81 points by hsikka 23 days ago | hide | past | web | favorite | 45 comments
In their article and review paper from last year(https://deepmind.com/blog/ai-and-neuroscience-virtuous-circle/) the team at DeepMind indicated that while neuroscience inspired the first generation of artificial neural networks, the two fields aren’t collaborating.

I think formalizing computational paradigms in the brain and then building new models and topologies could be huge, what do you think?




No. Or it depends on what you mean by inspired. There is no need to build airplanes with flapping wings, but you could still say that human flight is inspired by bird flight. When we look at the brain we have no way of disambiguating which properties are implementation details and which properties play an important role in learning. We made much more progress of understanding learning in the bottom up approach, where we find from first principles what kind of computations enables us to create certain behaviors. Connections to neuroscience are mostly interesting parallels that are found post-hoc. We don't even know if the human brain is actually good at what it's doing.

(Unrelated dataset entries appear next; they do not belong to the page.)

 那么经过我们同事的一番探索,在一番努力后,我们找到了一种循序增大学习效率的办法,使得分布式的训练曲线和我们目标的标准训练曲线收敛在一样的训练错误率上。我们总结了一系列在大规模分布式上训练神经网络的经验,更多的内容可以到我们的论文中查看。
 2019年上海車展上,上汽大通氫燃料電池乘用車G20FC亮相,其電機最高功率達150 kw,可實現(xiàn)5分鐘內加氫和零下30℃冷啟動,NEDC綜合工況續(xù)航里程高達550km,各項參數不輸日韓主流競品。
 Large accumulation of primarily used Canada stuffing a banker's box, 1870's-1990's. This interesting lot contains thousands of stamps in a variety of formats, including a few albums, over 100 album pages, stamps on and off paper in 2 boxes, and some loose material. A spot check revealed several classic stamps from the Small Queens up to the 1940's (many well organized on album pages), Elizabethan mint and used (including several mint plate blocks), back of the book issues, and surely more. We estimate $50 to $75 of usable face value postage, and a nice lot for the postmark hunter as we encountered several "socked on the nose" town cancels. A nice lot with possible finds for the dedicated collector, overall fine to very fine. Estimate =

>> There is no need to build airplanes with flapping wings,

As I understand it, birds don't need to flap their wings to fly. Many birds can glide for long distances, say. They flap their wings to give themselves a push and get off the ground, etc, but not to stay aloft. In other words, airplanes do work on the same principles as birds do, they just employ them in a different manner.

Similarly, the whole idea that we can reproduce human intelligence using computers is based on an understanding of human intelligence as computation, and of the brain as a computational device [1]. Without this assumption, AI would have been very difficult to justify, and I do mean AI in all its forms, from its beginnings with the Dartmouth conference and what can be called "McCarthy's project", to modern days.

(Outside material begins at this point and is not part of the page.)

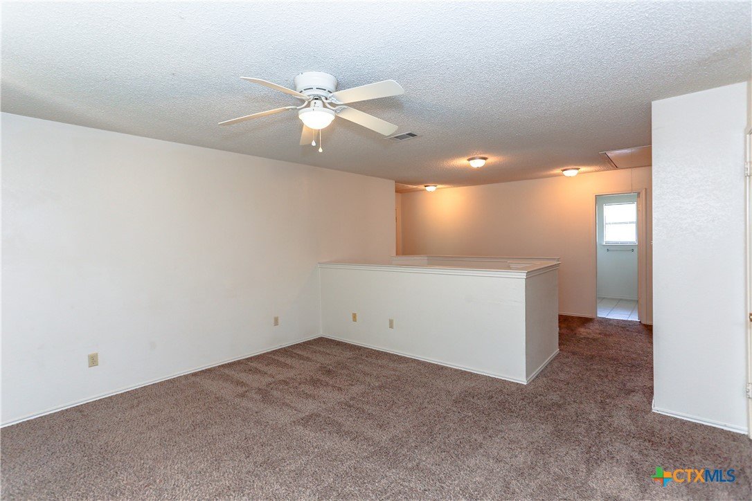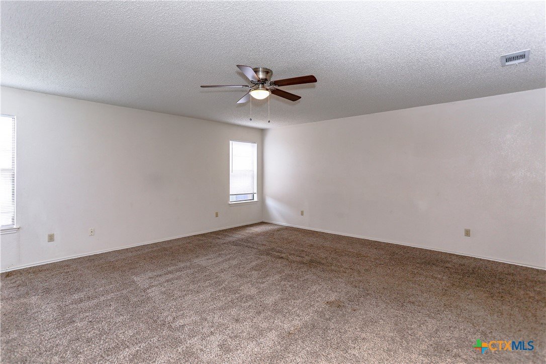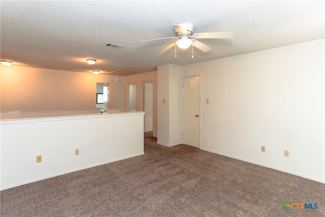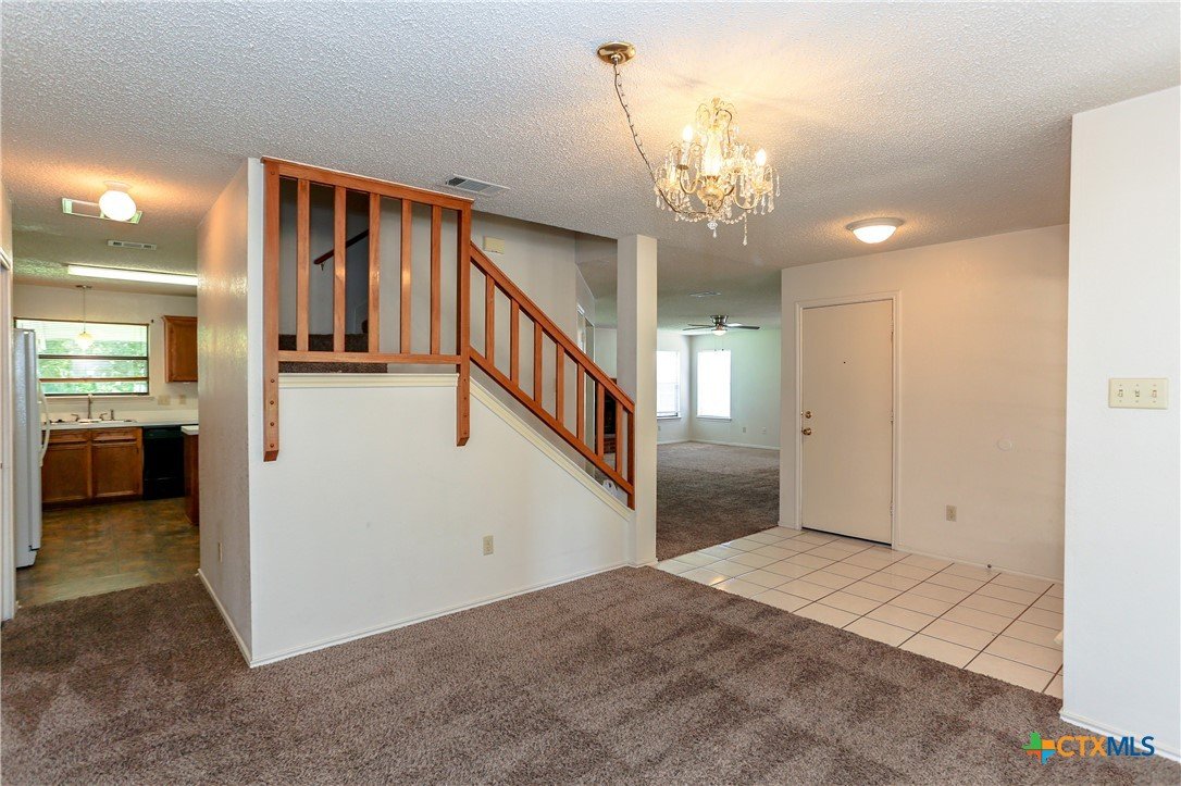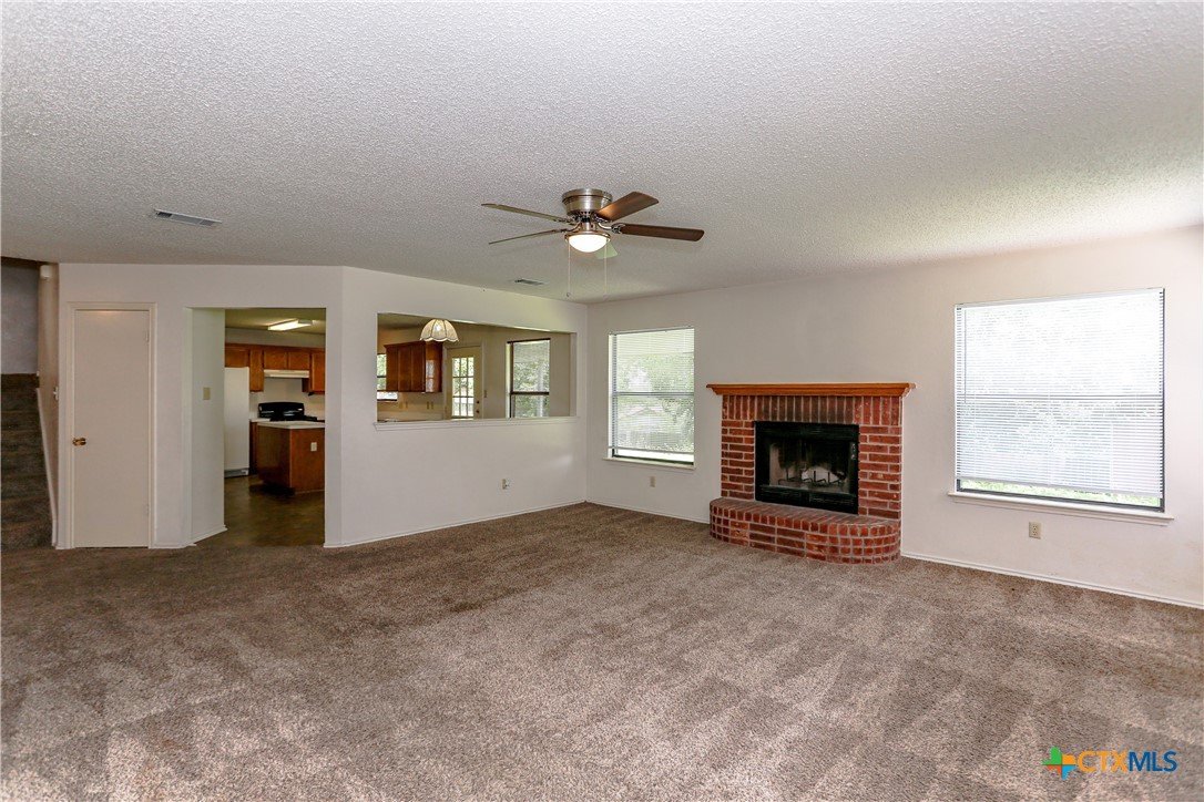 Located in an established neighborhood, this 4-bedroom, 2.5 bath home possesses inviting curb appeal and multiple living areas. Step onto the front porch and proceed in to find a tiled entry with a coat closet. The formal dining/flex area with a beautiful chandelier is located to the left. Proceed to the spacious family room with a brick fireplace flanked by windows offering lots of natural light. The large galley opening provides an open concept view of the large, eat-in kitchen with a center island and a pantry. The lower-level bedroom and half bath can serve as a mother-in-law option or a private office. The upper-level offers a loft/game room area with a large walk-in closet; the large owner's retreat with an en-suite bath boasting an expanded dual-sink vanity with center make-up station, separate shower, jetted tub, walk-in closet and a linen closet; two secondary bedrooms with walk-in closets and ceiling fans. There is a linen closet in the hallway and in the tiled hall bathroom. Outdoor entertaining is a breeze on the expanded covered patio and in the large, fenced backyard. The expanded side drive in front of and beyond the fence is perfect for boat or small RV parking. Conveniently located within minutes of Fort Hood, schools and shopping, this home is a great value.

For example, for most of the history of AI, the main thrust of research was on propositional and first order logic as models of human reasoning. The current wave of deep learning itself is predicated on the idea that the human brain is a kind of computer and so it can be simulated by a digital computer. The connectionists are just a little more literal in that sense, than most other AI people.

But, yes, absolutely, wa are totally trying to make artificial minds that behave just like human minds, that "flap their glia like brains" or whatever. The only problem is that we don't actually have a very good idea how human brains work- let alone the minds they produce.

_______________

[1] These are the main ideas behind cognitive science. See the wikipedia article:

https://en.wikipedia.org/wiki/Cognitive_science


Hummingbirds flap their wings at 60 Hz or they drop like a rock. Some flying birds cannot glide at all. Flap frequency is directly related to the size of the bird, so that there's optimal matching of Reynolds number effects.


I don't know what Reynolds number effects are.

Hummingbirds are a special case, if I understand correctly; they fly like insects, most of which can't glide.

So maybe the analogy about planes should be with insects, not birds? "Planes don't flap their wings like insects".


This is a cop out to be honest.

Just because you can make an airplane that works bereft of the working principles of a bird does not mean that the same fundamental principles of the biological system cannot lead you to further breakthroughs.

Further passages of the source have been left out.